Next-Generation Technologies & Secure Development
Anthropic’s Smaller Claude Model Improves Agents, Reduces Regulatory Risk

Days after the U.S. government partially lifted the export ban on Mythos 5, Anthropic released a new model that is smaller, cheaper, safer and most importantly not likely to be blocked by the administration.
See Also: Beat the Breach: Outsmart Attackers and Secure the Cloud
Anthropic launched Sonnet 5, the mid-sized version of its Claude models, with better agentic capabilities than its predecessor and at a lower cost than the current flagship Opus 4.8 model. The company said Sonnet 5 “is built to be the most agentic Sonnet model yet” and can access browser and terminal tools, make plans and run autonomously at a level that previously only larger and more expensive models could do.
“More recently, the clearest gains in agentic capabilities have been in our Opus-class models,” the company said. “Sonnet 5 narrows the gap: its performance is close to that of Opus 4.8, but at lower prices.”
Based on Anthropic’s benchmark testing, Sonnet 5 scored 63.2% in SWE-Bench Pro’s agentic coding test and 80.4% in Terminal-Bench 2.1, compared to 58.1% and 67%, respectively, for Sonnet 4.6. In comparison, Opus 4.8 notched a 69.2% in SWE-Bench Pro. Sonnet 5 ideally works best for quicker agentic tasks and for organizations who want to balance cost with capability.

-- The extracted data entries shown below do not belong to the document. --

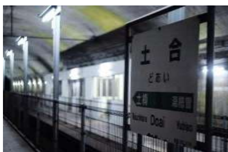
土合駅地下ホーム

株式会社 VILLAGE INC（以下、VILLAGE INC.）は、ビール醸造を通じて自然への取り組みを行うブルワリーの集まりである Brewing for Nature と東日本旅客鉄道株式会社 高崎支社(以下、JR 東日本高崎支社)、JR 東日本スタートアップ株式会社（以下、JR 東日本スタートアップ）、地域の皆さまと協力し、群馬県の上越線土合駅にある「DOAI VILLAGE」において、地下ホームで熟成させたクラフトビールを楽しめるイベント『もぐらビアキャンプ』を開催します。このイベントを通じて、みなかみの魅力を発信すると共に、イベント収益の一部を森林保全活動に寄付することで、地域の活性化や自然環境の保護への取り組みを推進していきます。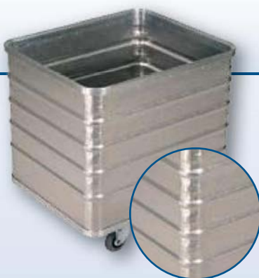
Modèle D 3008 / 240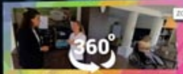
Zorg in het verpleeghuis

In de thuiszorg help en ondersteun je cliënten die door ziekte hun leven niet meer kunnen leven zoals eerst. Ze kunnen hulp krijgen bij het huishouden, de persoonlijke verzorging of medische/verpleegkundige zorg. Soms is er dan al behoefte aan bepaalde ondersteuning van het hele zorgteam vraagt. Maar gezamenlijke inspanning van het hele zorgteam vraagt. Maar waar moet je dan op letten? En wat houdt die palliatieve zorg dan precies in? Vooral in deze fase van het leven?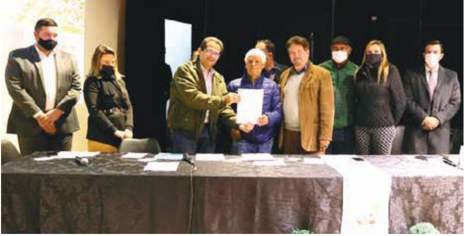
A Gráfica Bragança - Jornal em Dia atua há mais de 30 anos na cidade. Atualmente, a empresa está localizada na Rua João Franco, na Vila Bernadete e, com o Programa Pró-Emprego e Pró-Indústria, terá a possibilidade de ampliar seu parque gráfico e abrir novas vagas de emprego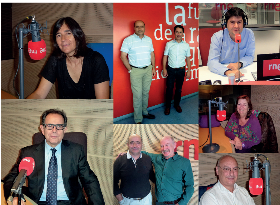
Imagen 3. Investigadores que han pasado por el programa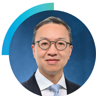
林定国 金紫荆星章、资深大律师、太平绅士 中华人民共和国香港特别行政区政府 律政司司长

梁定邦博士为香港资深大律师，从事国际诉讼、仲裁和金融监管的法律事务。他在香港公务员行列服务了13年后，于1979年开始在香港执业。1991年至1994年，梁博士曾担任香港联合交易所（联交所）理事会及上市委员会委员，并身兼其纪律委员会及债务证券工作小组主席，以及担任联交所香港及中国上市小组法律委员会的联席主席，负责制定中国企业于香港上市的法律框架。1995年1998年，出任香港证券及期货事务监察委员会主席。同时，是首位获选为国际证监会组织技术委员会主席的亚裔人士。1999年2004年，应中国国务院前总理朱镕基的私人邀请，出任中国证监会首席顾问。2018年6月至2021年5月，获委任为独立监察警方处理投诉委员会主席。他曾任香港金融管理局（金管局）金融学院专家小组召集人，并担任金管局金融学院筹备委员会成员。2018年他获委任为二十国集团工商峰会金融促增长及基础设施专责小组联席主席，另获委任为中国证券化论坛的联席主席。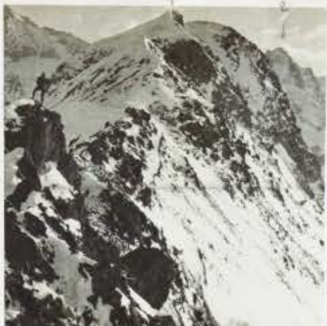
83 1) Cima Serodine 2) Il Castellaccio 3) I Monticelli ( austriaco )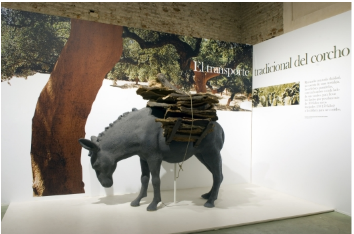
Museu d'Identitat del Suro, San Vicente de Alcántara.

A través d'aquests equipaments podrem conèixer millor la realitat d'aquesta cultura i el que comporta el seu paisatge i activitat quotidiana.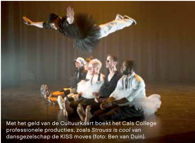
Met het geld van de Cultuurkaart boekt het Cals College professionele producties, zoals Strauss is cool van dansgezelschap de KISS moves.

zien leerlingen daarom regelmatig voorstellingen van bijzondere, goed aangeschreven staande theatermakers als Léon Giesen en dansgezelschappen als de KISS Moves. Die worden met collectief geld van de Cultuurkaart betaald. "We vinden het belangrijk om leerlingen in aanraking te laten komen met vormen van cultuur die ze uit zichzelf misschien niet snel kiezen." Kwaliteit bieden kan alleen als er voldoende budget is, stelt Meijer. "De dansvoorstelling Strauss is cool was vrij duur: je haalt immers 14 dansers, een choreograaf en technici in huis. Het was een pittige voorstelling, waar de leerlingen het nog steeds over hebben. Als we straks minder geld te besteden hebben, kunnen we ons geen professionele gezelschappen meer veroorloven. Tenzij we een ouderbijdrage invoeren." Dat de school eigen faciliteiten heeft, waaronder muziekllokalen, oefenstudio's, een repetitieruimte en een theaterzaal, scheelt overigens wel aanzienlijk in de kosten. "Daardoor hoeven niet steeds een zaal af te huren."

Early testers said Sonnet 5 completes complex tasks and checks its own inputs without prompting, activities that previous Sonnet versions had difficulty doing so. On a cost per task scale, showed strong capabilities for minimum compute exerted by the model. This means that organizations can use Sonnet 5 with a high compute effort and will come close to Opus 4.8’s minimal effort.
The Sonnet size of Claude models was always meant to be a more balanced option for users. Haiku, the smallest size, was designed for quick, low-latency actions. Opus, the flagship model, works best for longer, more complicated tasks that require strong reasoning capabilities. Opus was previously the largest weight available from Anthropic until the development of Mythos and eventually Fable 5.
Because of its smaller size, Sonnet 5 is unlikely to face the same level of scrutiny from the Trump administration. The White House, by executive order, requested that frontier model labs voluntarily offer their models for safety testing. So far, the administration has made requests to limit deployment only for larger models like Mythos 5, Fable 5, and, more recently, OpenAI’s GPT-5.6.
Anthropic’s pre-deployment safety evaluations showed that in terms of agentic safety, Sonnet 5 showed strong improvements. It better rejects malicious requests and resists prompt injection attempts. It also has lower hallucination rates and cooperates less with prompted misuse and deceptive behaviors.
But Sonnet 5 does not have the same cybersecurity capabilities, especially against Opus 4.8 and very security-focused Mythos 5. It can perform routine cyber tasks. But Anthropic said Sonnet 5 can’t make a full working exploit. Since Sonnet 5 is more knowledgeable than Sonnet 4.6, it still showed partial success, which the company attributed to “improvements in general intelligence rather than specific training.”
Due to this, Anthropic said it enabled cyber safeguards that block activities such as mass data exfiltration, vulnerability exploitation and offensive security tooling development.
“These safeguards – which detect and block dangerous cyber usage in real time – are the same as those present in Claude Opus 4.7 and 4.8 (because we judged that the overall level of cybersecurity risk from Sonnet 5 was low, the safeguards are less strict than those launched with Fable 5, which block a much wider range of cybersecurity tasks),” Anthropic said.
Sonnet costs an introductory price $2 per million input tokens and $10 per million output tokens. After Aug. 31, it will increase to $3 per million input tokens and $15 per million output tokens. Sonnet remains at a lower cost than Opus 4.8 at $5 per million input tokens and $25 per million output tokens.